I writte the following script

load function should set the array disk[a]=1 and disk[b]=2 and so on

Then the function out should print the array ${disk[a]} , and ${disk[b]} , and so on

But what we get from function out is always the number 4

Instead, I want to get the following:

1
2
3
4

What is wrong here ?

How to fix it so function out will print:

1
2
3
4

the script:

#!/bin/bash

function load
{
  counter=1
  for input in a b c d
  do
    disk[$input]=$counter
    let counter=$counter+1
    echo ${disk[$input]}
  done
}


function out
{
  counter=1
  for input in  a b c d
  do
    echo ${disk[$input]}
    let counter=$counter+1
  done
}

echo "run function load"
load
echo "run function out"
out

the output:

./test
run function load
1
2
3
4
run function out
4
4
4
4
5

Bash arrays are indexed arrays by default:

An indexed array is created automatically if any variable is assigned to using the syntax name[subscript]=value

... but you are using letters as the index, so you probably want an associative array, which means you need an:

declare -A disk

before calling the functions.

  • what actually declare -A do? – yael Nov 1 '18 at 18:00
  • 1
    @yael, it declares an associative array – Jeff Schaller Nov 1 '18 at 18:00
6

Look at what happens to the array when you initialize it:

$ i=0; for k in a b c d; do A[$k]=$((i++)); done; declare -p A
declare -a A=([0]="3")

Only one element is present, and it has the index zero.

By default, arrays are indexed by numbers, and the numerical values of the indices you used happened to be all zero.

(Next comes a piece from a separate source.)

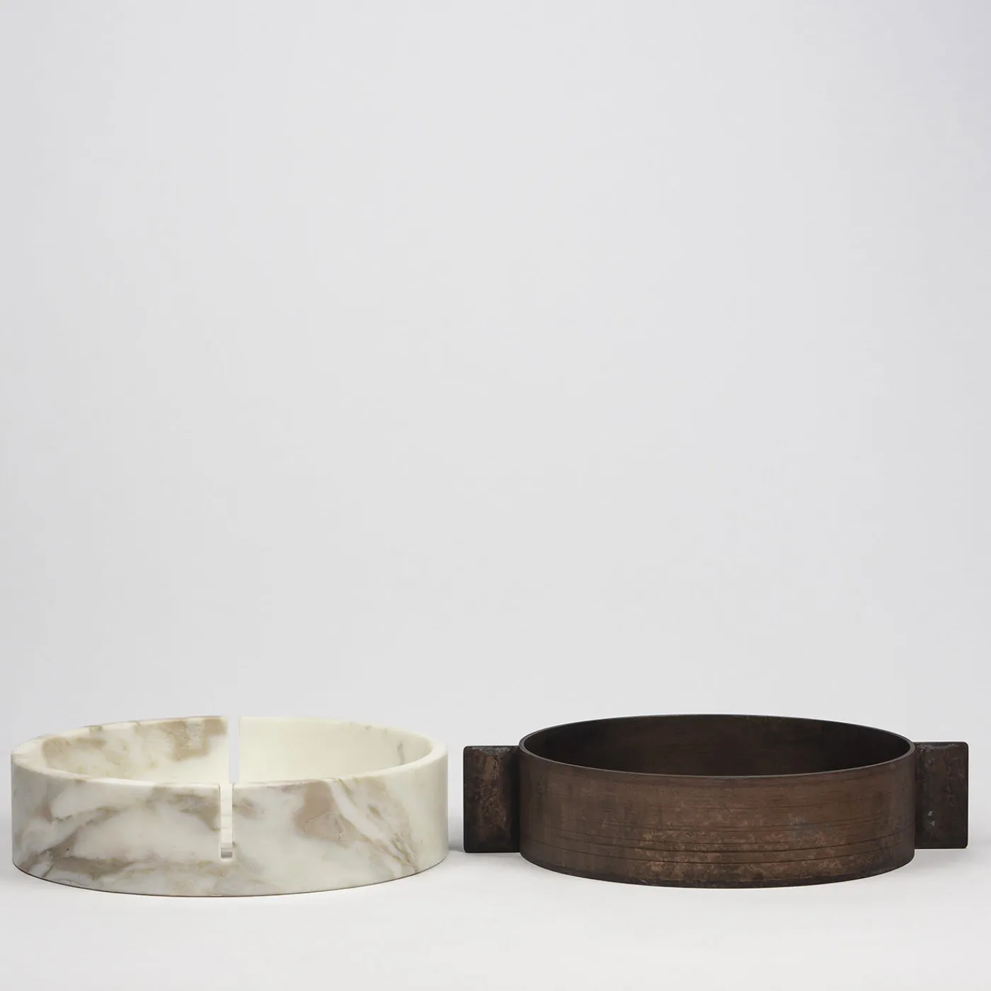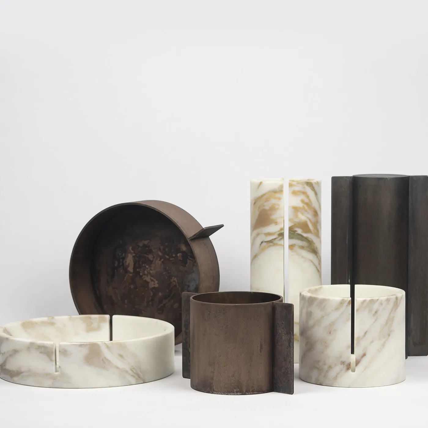 L’atto meccanico di aprire e chiudere permette o nega l’accesso a un luogo, a contenuti da proteggere, nascondere o tenere segreti. Questa collezione di contenitori, composta da elementi in marmo Calacatta Oro e pietra Jerissa e da elementi in metallo naturale e Corten, mette in relazione elementi che rappresentano il confine tra interno ed esterno, chiuso e aperto, privato e pubblico.

Actually, in an arithmetic context, like the subscript of a regular array, a string is taken as the name of a variable, and the value of that variable is used. So, if we set a, b... to numbers, then we get something different:

$ a=123; b=456; c=789; d=999; i=0;
$ for k in a b c d; do A[$k]=$((i++)); done;
$ declare -p A
declare -a A=([123]="0" [456]="1" [789]="2" [999]="3")

To actually use the strings themselves as indices, declare the array as an associative array first with declare -A arrayname or typeset -A arrayname:

$ unset A; declare -A A; i=0;
$ for k in a b c d; do A[$k]=$((i++)); done; declare -p A
declare -A A=([a]="0" [b]="1" [c]="2" [d]="3" )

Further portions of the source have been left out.